L’action en recherche de paternité est irrecevable :

  • en cas d’inceste absolu (entre père et fille, mère et fils, frère et sœur),
  • lorsque l’enfant est placé en vue de son adoption,
  • ou lorsqu’un lien de filiation est déjà établi à l’égard d’un autre homme (présomption de paternité du mari de la mère ou reconnaissance de paternité).
  1. Preuve de la paternité

La preuve de la paternité peut être établie par tous moyens (témoignages, lettres du père présumé à la mère, etc.).

Si l’action est recevable, l’expertise biologique est de droit. Elle peut être demandée par toute partie (l’enfant, le père présumé, les descendants, etc.). Le juge ne peut la refuser que pour un motif légitime (expertise vouée à l’échec, caractère dilatoire de la demande, etc.).

L’intéressé a le droit de refuser de se soumettre à l’expertise ordonnée. Toutefois, le juge pourra en tirer toutes les conséquences. Notamment, il pourra y voir un aveu de paternité du défendeur.

Enfin, les expertises sur une personne décédée sont interdites, sauf si la personne a donné son accord de son vivant.

  1. Effets

Si le tribunal fait droit à la demande, la filiation est établie de manière rétroactive à la date de naissance de l’enfant.

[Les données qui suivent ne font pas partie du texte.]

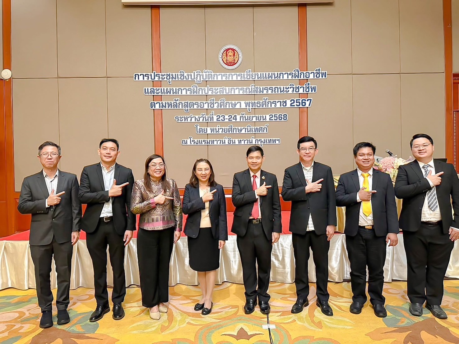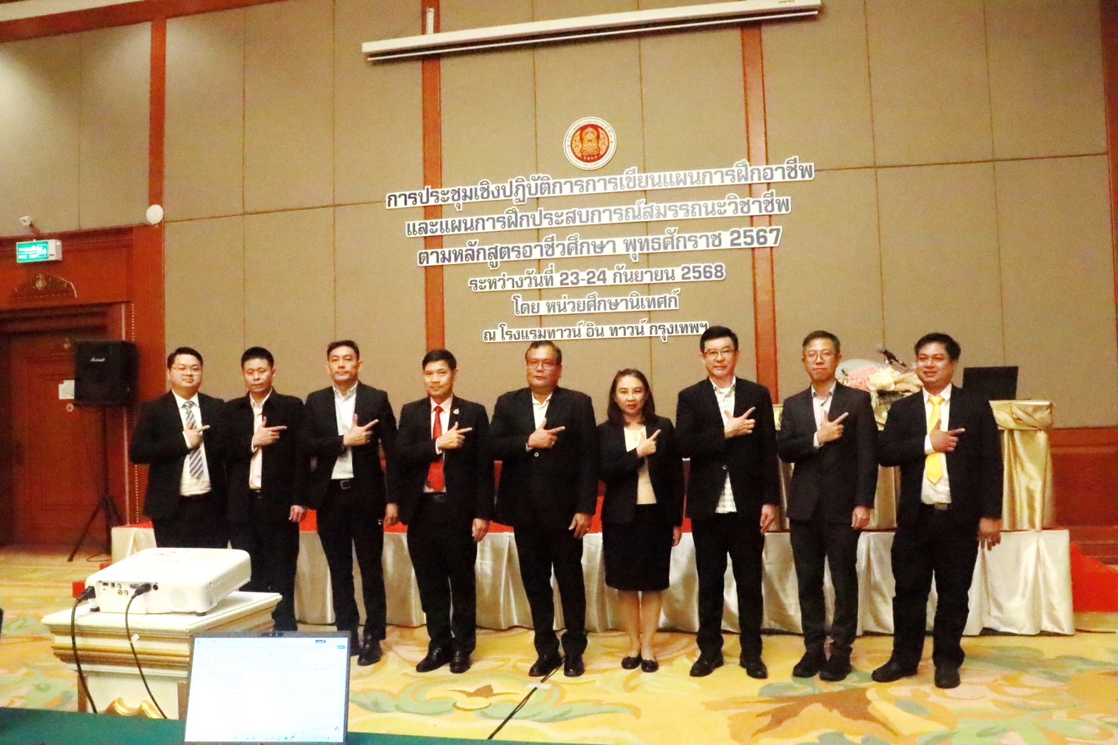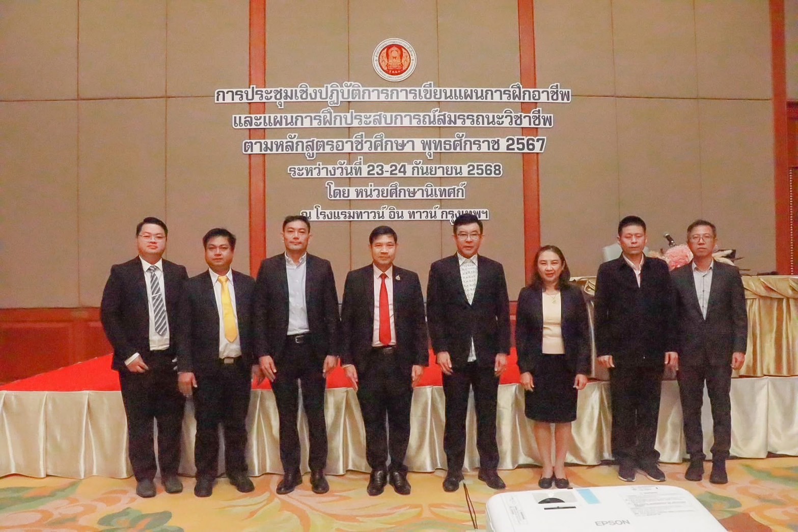 วันที่ ๒๓ กันยายน ๒๕๖๘ ดร.สุพจน์ ทองเหลือง ผู้อำนวยการ(วิทยฐานะเชี่ยวชาญ) วิทยาลัยอาชีวศึกษาฉะเชิงเทรา เป็นคณะกรรมการจัดการประชุมเชิงปฏิบัติการการเขียนแผนการฝึกอาชีพและแผนการฝึกประสบการณ์สมรรถนะวิชาชีพ ตามหลักสูตรอาชีวศึกษา พุทธศักราช ๒๕๖๗ พร้อมด้วยคณะผู้บริหาร คณะครูและบุคลากรทางการศึกษา เข้าร่วมโครงการฯ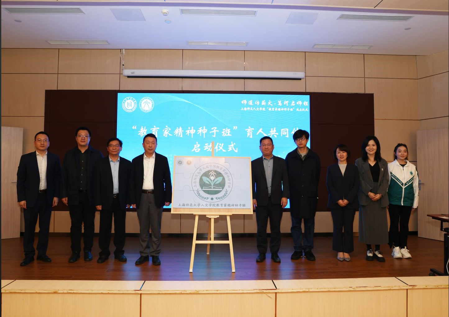 活动的高潮,与会校领导、校宣传部、学工部、教务处、基教处等部门代表、签约学校代表、导师代表及学生代表手持一块绘有“教育家精神种子班”班徽的拼图,这些承载着期望与责任的拼图被郑重而精准地拼接在一起,最终构成了一幅完整的班徽图案。这一刻,不仅是一个仪式环节的完成,更象征着由高校、中学、导师与学生共同构建的“育人共同体”实现了紧密无间的联结,也昭示着所有力量将拧成一股绳,共同滋养每一颗教育的种子,直至其破土而出,蔚然成林。

L’enfant bénéficie alors de tous les droits attachés à celle-ci.

Le juge peut également statuer, dans le même temps, sur l’exercice de l’autorité parentale, la contribution du père à l’entretien et à l’éducation de l’enfant, ou encore l’attribution du nom du père.

Le père peut alors être condamné à verser une pension alimentaire à l’enfant rétroactivement à la date de sa naissance, mais dans la limite de 5 ans avant l’assignation.

Enfin, s’il s’est soustrait à sa responsabilité parentale, le père peut être condamné à des dommages et intérêts pour faute tant à l’égard de l’enfant que de la mère.

Par jugement d’adoption

L’adoption créé un lien de filiation juridique entre un enfant et un parent non biologique.

L’adoption peut être simple ou bien plénière.